Владимирский губернатор предложил прислать войска…
– Категорически – никаких войск! – заявил Савва Ореховскому исправнику Безобразову. – Я со своими рабочими с помощью войск разговаривать не намерен. А губернатору от меня так и передайте: «Морозов от вызова войск отказался. « (36).

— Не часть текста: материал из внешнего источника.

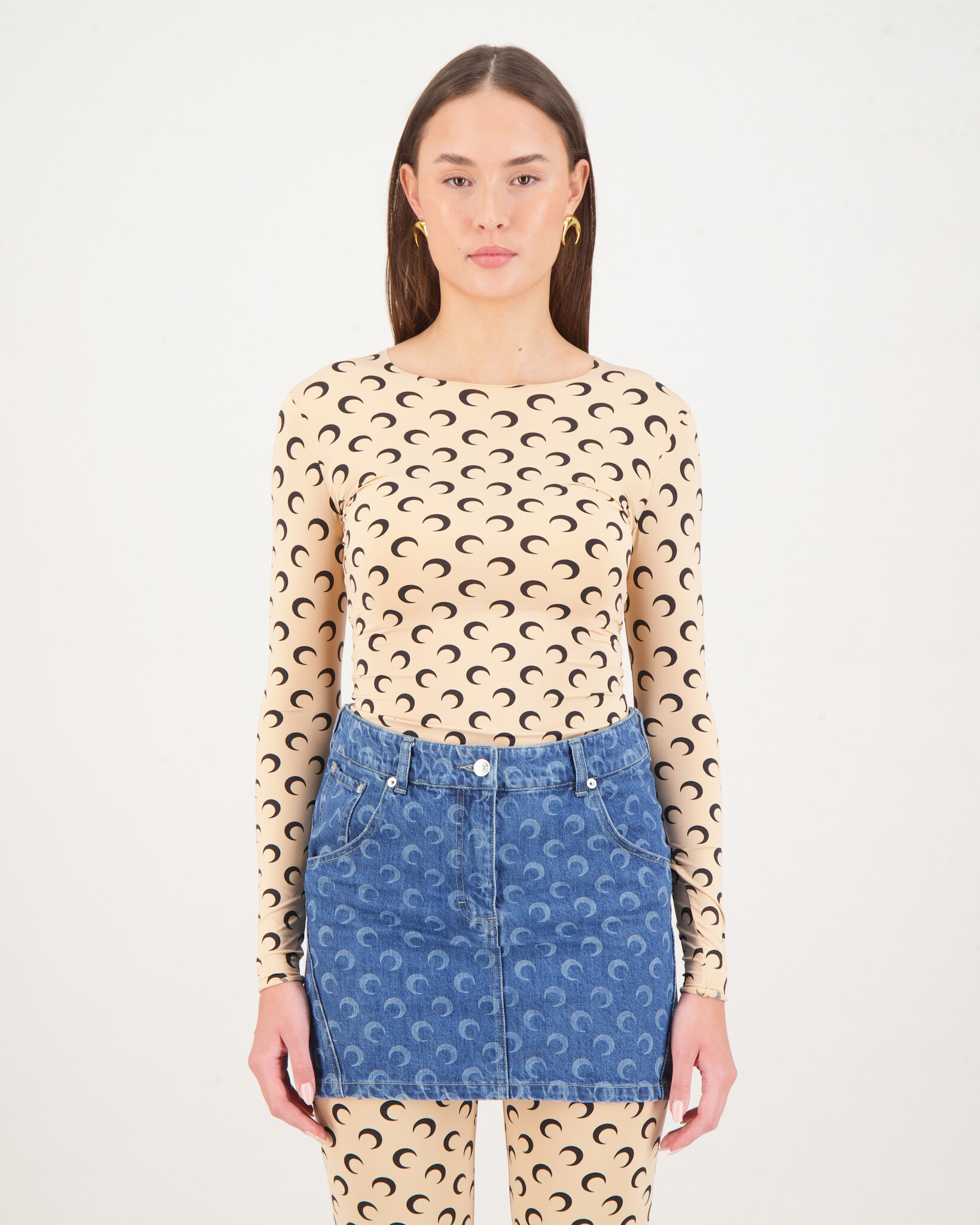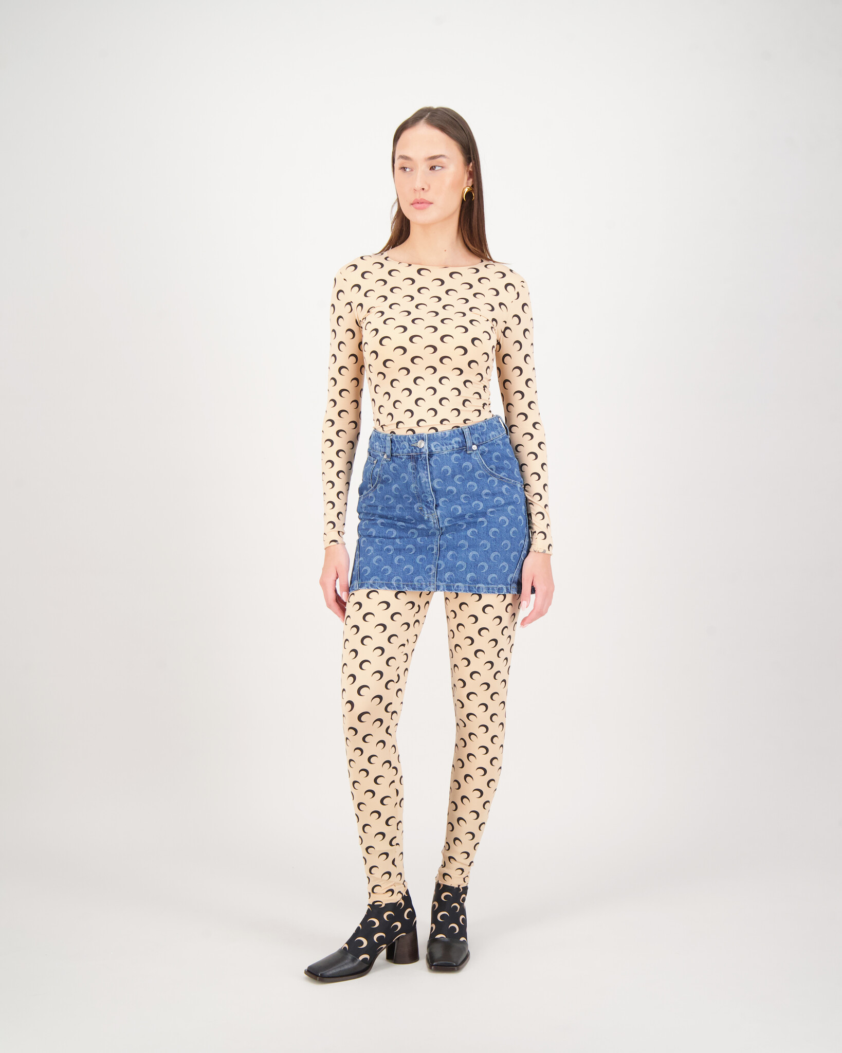 Blauwe Deadstock Denim Mini Skirt van het merk Marine Serre. Deze Rok heeft een allover print met Beige maantjes.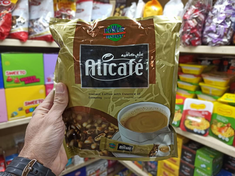 کافی میکس ۲۰عددی علی کافه طلایی Alicafe Instant 5in1 Premix محصولیست که از ترکیب چند ماده دیگر با قهوه و شیر بوجود آمده است. ترکیبی که به علت طعم فوقالعاده به شدت میتواند اعتیادآور باشد. برند Alicafe که یکی از اصلیترین تولیدکنندههای قهوه،نسکافه و قهوهی فوری میباشد ، اینبار با استفاده از جینسینگ و تونکات و ترکیب کافی میکس طلایی علی کافه را تولید کرده است.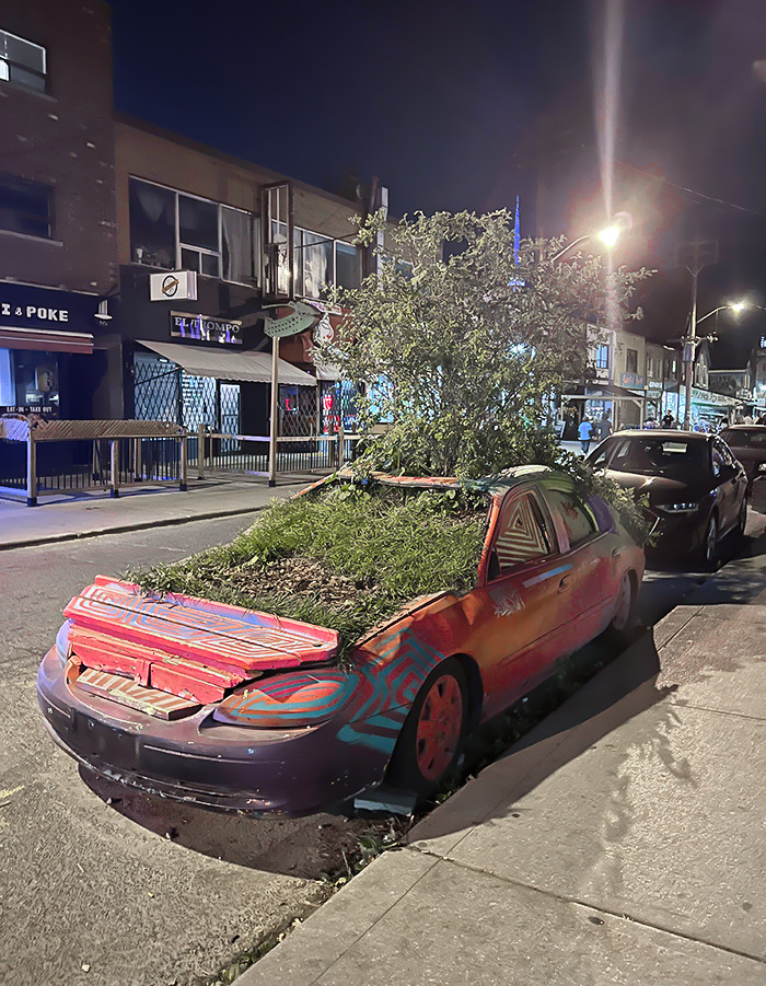 #29 I Found A Car In Toronto Overgrown With Plants, On A Busy Street Parked Beside Other Cars

Он бросился к матери, но договориться не смог. «Господь нас и без тебя не оставит!» – сказала она в конце, и фактически передала власть на фабрике Сергею Назарову и другим членам Правления…
На фабрику были вызваны казаки, драгуны и жандармы…
20 февраля – многотысячный митинг закончился жестоким разгоном…
В руках у рабочих появилось оружие, а среди них вооруженные боевики…
А потом случился расстрел…
«Морозов считает себя революционером, а на его фабрике – военный произвол и расстрелы невинных людей», – гневно обрушился на него в газетах Горький…
Свой день рождения в этом году Савва не праздновал…
* * *
…«Алексей тчк Прочитал в газете ты введен в заблуждение удивлен почему не отвечаешь тчк Савва».
…«Господин Горький тчк вышло недопонимание тчк ответьте Морозов».
…«Мария Федоровна тчк Пребывая недоумении поводу вашего молчания прошу принять внимание был против ввода войск не принимаю нападок г-на Горького прессе мой адрес тчк не мешало прежде связаться со своим другом коим до недавнего времени являлся смею надеяться являюсь тчк Морозов»…
* * *
– Видал? – мать протянула Савве листок. – Не угомонятся никак бесы! – быстро перекрестилась она. – Прочти-ка, голубчик!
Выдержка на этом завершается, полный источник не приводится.